After having your comment, I worked on deriving the weak form language
_expression_ for a bar problem.

The _expression_:
"A * E * Grad_u(1,1) * Grad_Test_u(1,1)"
was derived for a bar with cross-sectional area A and Young's modulus E.

Attached .py Python3 script validates the _expression_.
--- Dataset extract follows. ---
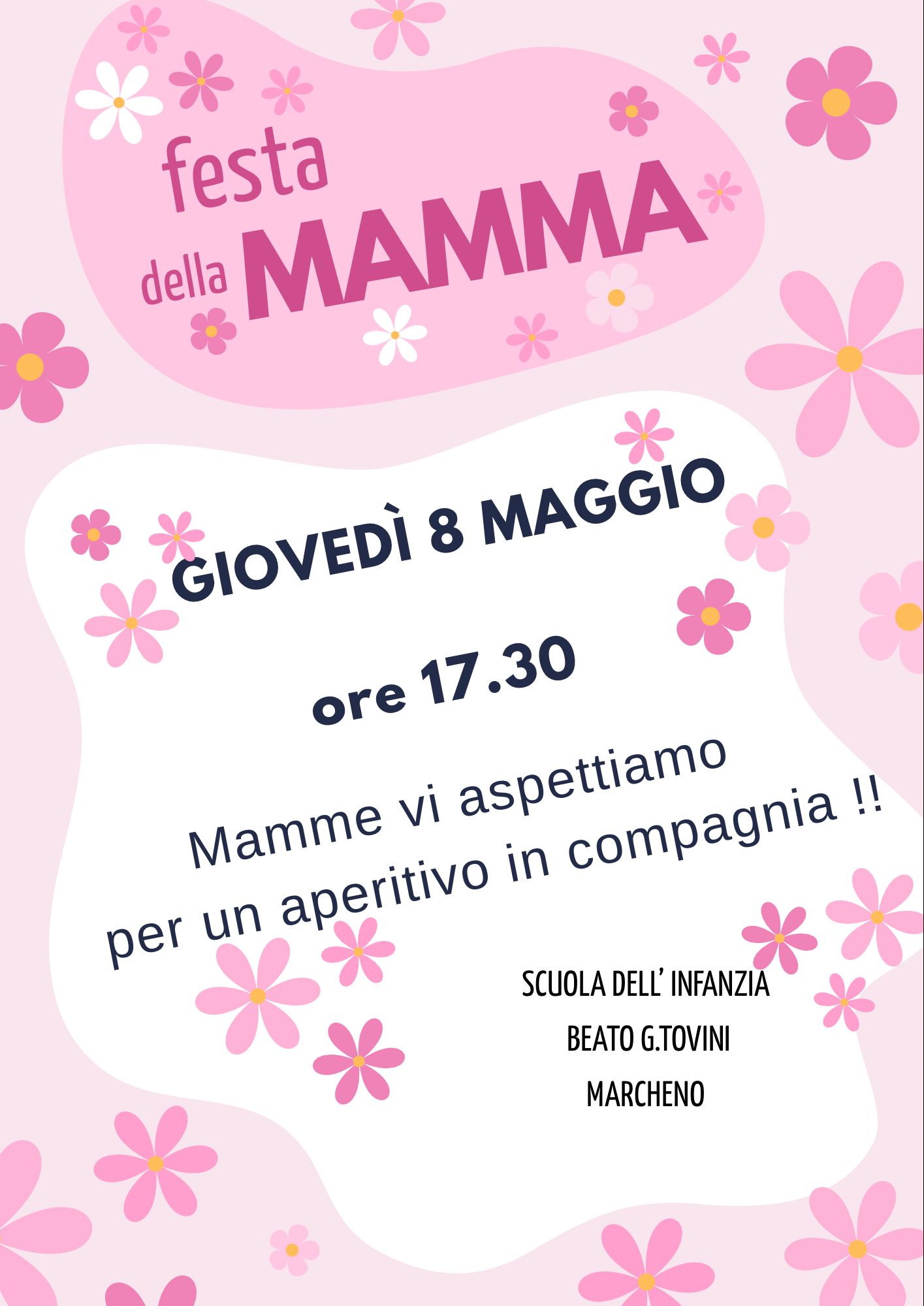 La scuola dell'infanzia Beato G. Tovini organizza, per giovedì 8 maggio 2025 alle ore 17:30, un aperitivo per festeggiare la festa della mamma.

For those who interested, I wrote some documents on the weak form and
its _expression_ in GetFEM++.
Attached .pdf documents describe a bar and a general problem of linear
elasticity.

Attached files are:
- bar_expressions_compared.py: for comparing stiffness matrices come
from different expressions.
- CheatSheetForGradDiv.pdf: notes for gradient and divergence of a
scalar, vector and matrix.
- LinearElasticity.pdf: notes for a general problem of linear elasticity.
- BarProblem.pdf: notes for the weak form of a bar problem.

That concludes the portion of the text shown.